I sent you a PM a while back to explain about DP's illness as you did ask what was wrong and I didn't really want to say in public - not sure if you saw the message? Bizarrely, since then, they have actually diagnosed him with something else again and switched his treatment. He is back at work now, feeling better and this time next year he should be off the drugs and we are hoping he will be cured. How did the nursery session go by the way?

Oh and good luck for the tongue tie cut! DD had this done at a week old and was fine afterwards, and it healed totally in a few days. Was it diagnosed only recently?

Eek out of time as Baby E shouting from her hammock - waves to Somewhere, Knicky, Goat, LRM, Cycle, Chairman, Nana, MrsW, FF

ChairmanWow · 26/06/2013 17:57

I'm here, do not fear. Just very busy, exercising followed by poorly toddler and baby, lots of long posts on here and not the time to respond.
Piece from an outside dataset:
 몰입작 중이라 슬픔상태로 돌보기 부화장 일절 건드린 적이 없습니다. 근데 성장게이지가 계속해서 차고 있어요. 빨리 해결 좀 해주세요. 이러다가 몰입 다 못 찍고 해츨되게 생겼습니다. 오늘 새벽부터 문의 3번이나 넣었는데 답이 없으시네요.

In fact DS is shouting 'Muuuuummmy!' now so I have to run. Eeek! Back soon friends x

GoatBongosAnonymous · 26/06/2013 19:11

We are sitting out in the garden with a ridiculous number of toys, enjoying the sunshine, having home to the park this morning. I'm hoping all the fresh air will wear BG out! We went to the playground this morning. It was lovely, though I looked at the 18-20 month olds careering round and thought 'blimey, these kids are the same school year as BG!!' Shock

somewhere so sorry to hear about your sister. So tough to live with and to keep your own life whole and healthy. Not sure I would describe my own sister as normal... She has had mh problems in the past and is still dry tinder - we really have to tiptoe around her and still get it wrong. I really want to see her when I go home though, so hope she will agree to meet up.
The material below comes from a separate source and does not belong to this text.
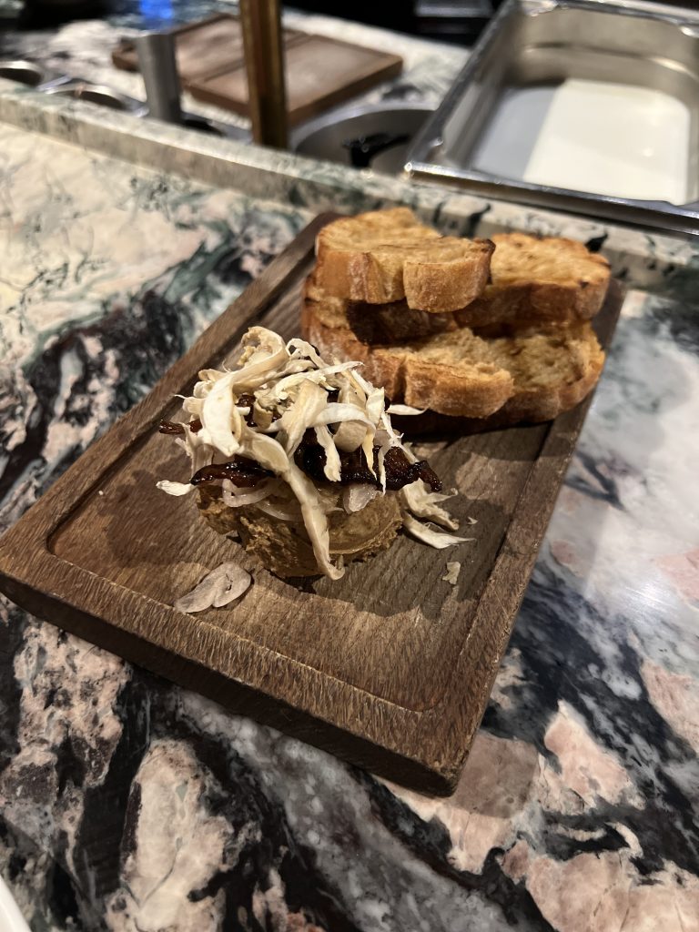 The decor is amazing with a view of Canary Wharf. The wide-ranging menu offers something for everyone, we tried so many amazing dishes, but the one that stands out is the famous mushroom parfait, also served in Fallow. This is SO SO good, like a foie gras but vegan.

knicky I get so annoyed about hvs and the weight obsession - no wonder we have weight issues in this country when it starts from birth! Do what you feel is right... You know his feeding patterns better than anyone.
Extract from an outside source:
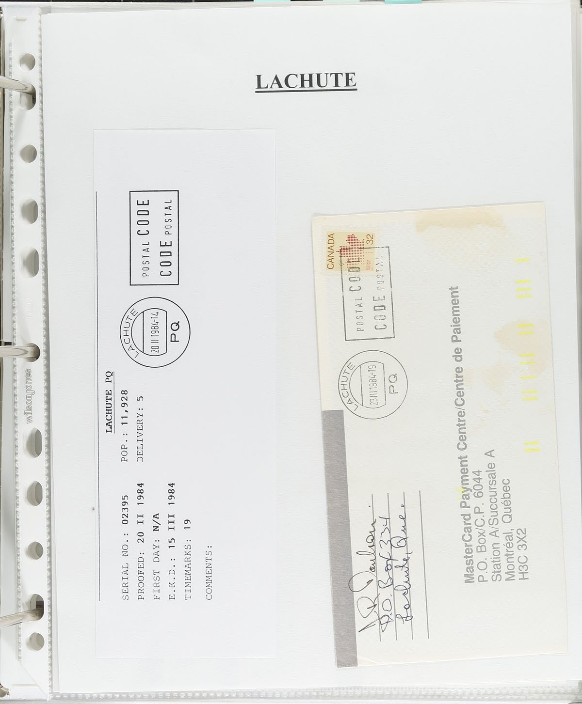 Interesting collection of Klussendorf postmarks in 6 binders, containing many hundreds of covers and some material on piece, generally ranging from the mid 1980's to the mid 1990's. The collection has better representation from Quebec in 2 thick binders, covering towns from A to Z, along with a thick binder of British Columbia, along with smaller representation from Alberta, Nova Scotia, and New Brunswick, with each town generally having 4 to 10 covers each (noting various frankings and rates), and includes slogans, inverted slugs, and date errors for some postmarks. The collection also includes a binder of cancel information which includes earliest known dates, known time marks, serial numbers, and more. A nice starter collection and a nice start to a potential exhibit. Estimate =

scarecrow good luck with tongue tie snip. And the caravanning!

seaside choc biscuits are a balanced diet, as long as you have one in each hand Wink

eagle that's great news about your DP. You must be so relieved.

Hope you are having a lovely holiday bbd . Hello to all lurkers (and welcome back chairman w) All newbies and new babies, hope you are all well!

GoatBongosAnonymous · 26/06/2013 19:12

Ps in case anyone thought I keep BG up until all hours... It took four hours to finish the post!!!!